Five convicted for role in 2006 murder of Russian journalist News
Five convicted for role in 2006 murder of Russian journalist

[JURIST] Five men were found guilty for their involvement in the 2006 murder of journalist Anna Politkovskaya [BBC obituary; JURIST news archive] in a Russian court on Tuesday. Brothers Rustam, Ibragim and Dzhabrail Makhmudov, their uncle Lom-Ali Gaitukayev, and former Moscow police officer Sergei Khadzhikurbanov were all convicted, but a mastermind behind the murder has yet to be named [Reuters report]. Three of the men were acquitted in February 2009 due to a lack of prosecutorial evidence, but the Russian Supreme Court vacated the acquittal and ordered a reinvestigation of the case [JURIST reports]. The defendants will be sentenced [BBC report] at a later date and plan to appeal the verdict.

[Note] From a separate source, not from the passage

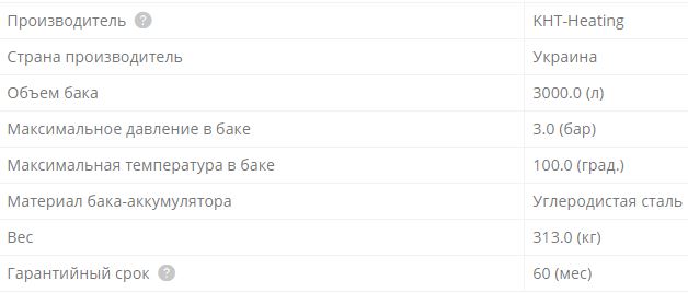 Технічні характеристики для теплоакумулятора Kuydych EAМ-00-3000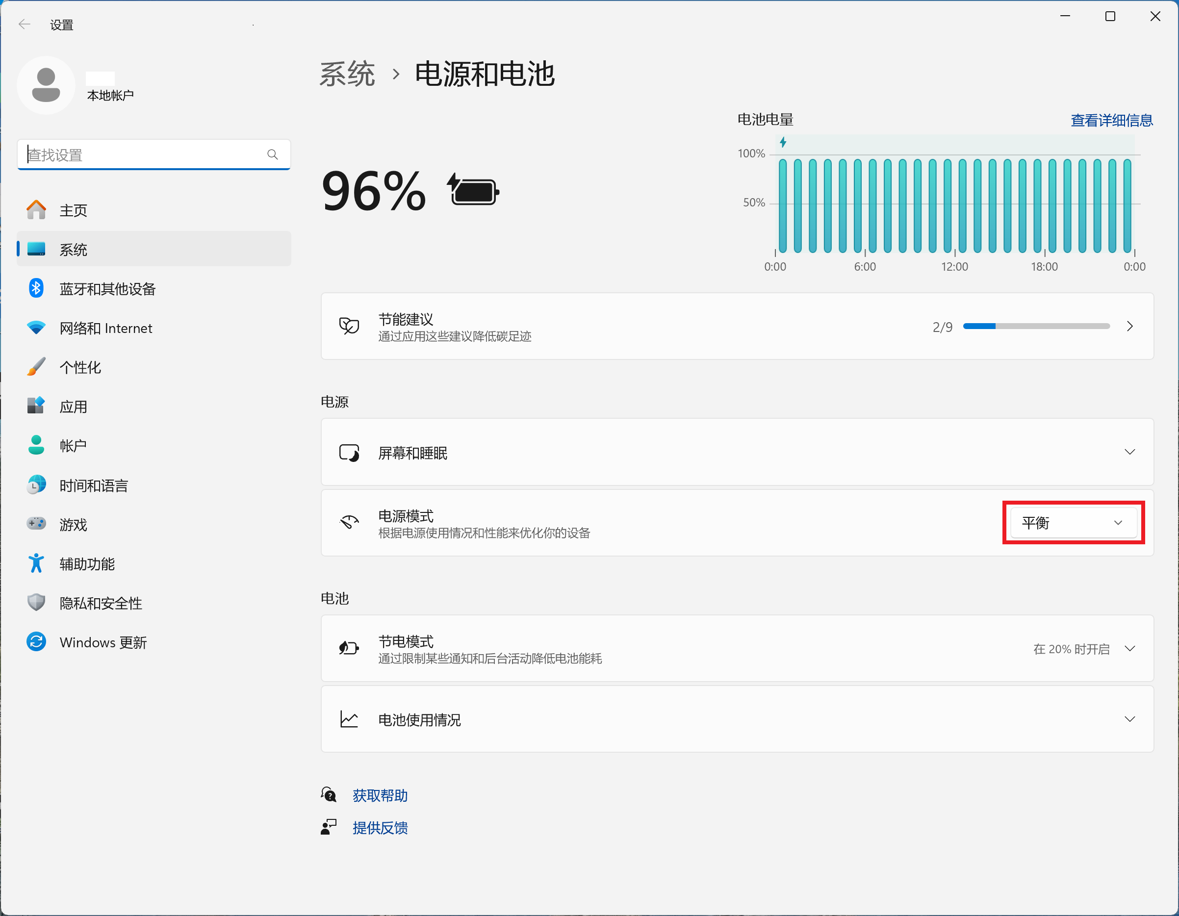 2. 将 Windows 11 电源模式保持在「平衡」。

A human rights activist and critic of the Kremlin, Politkovskaya was shot dead in an elevator of her apartment building in Moscow as she was returning home. Politkovskaya investigated human rights abuses in Chechnya and high-level corruption across Russia, and her death raised concerns about the safety of journalists and other critics of the government. Because she was a critic of Russian governmental policies, it was widely speculated at the time of her murder that the Russian government was involved [CPJ report]. At the time she was working for the low-circulation independent newspaper Novaya Gazeta [official website, in Russian] where she was writing reports on Chechnya. Her death was widely believed to be a contract killing. Former Russian police officer Dmitry Pavlyuchenkov was found guilty [JURIST report] in December 2012 for his role in Politkovskaya’s murder. Russia’s Federal Security Service charged Rustam Makhmudov for the murder [JURIST report] in June 2011.